The way for the U.S. to determine the need for 3rd shots among those who are not obviously immunocompromised, given the amazing immune memory generated by the vaccines among immunocompetent individuals, is to analyze the cases of the ~6000 individuals who have had severe breakthrough infections among the 171 million Americans fully vaccinated. Define their co-morbidities and age ranges, and boost those susceptible to severe infections (examples could include older people, those with co-morbidities, health care workers, and residents of long-term care facilities). This is an approach likely to be taken by the CDC's Advisory Committee on Immunization Practices.
If immunity is the only way to get through the pandemic and if variants are caused mostly by large populations being unvaccinated, there is not only a moral and ethical imperative but a practical imperative to vaccinate the world in order to keep us all safe.
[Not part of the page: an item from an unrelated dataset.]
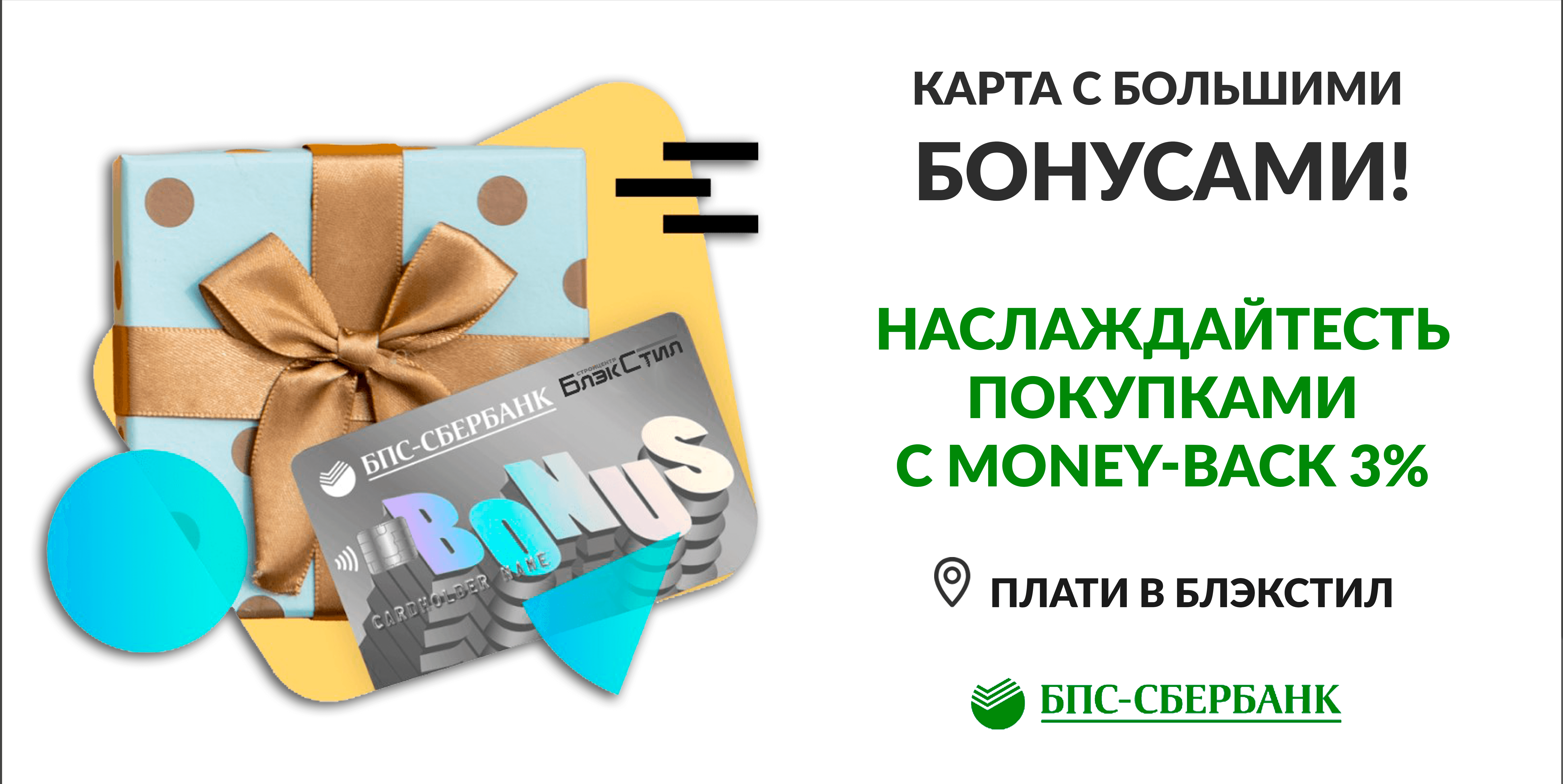 На товары, приобретённые по карте с большими бонусами БлэкСтил Visa, действуют акции и скидки.

Immunocompetent Americans can boost their antibodies, which may enhance their ability to avoid mild breakthrough infections, but the initial shots still work well against the most important outcomes: hospitalizations and deaths.
There has been no randomized, controlled trial to assess whether three shots vs. two shots meaningfully improve those outcomes. While we ought to trust immune memory to get the immunocompetent in the United States through, we can hasten the end of this pandemic by providing surplus vaccines to poor countries to combat severe disease. Doing so would not only revitalize the role of the U.S. as a global health leader – it would save countless lives.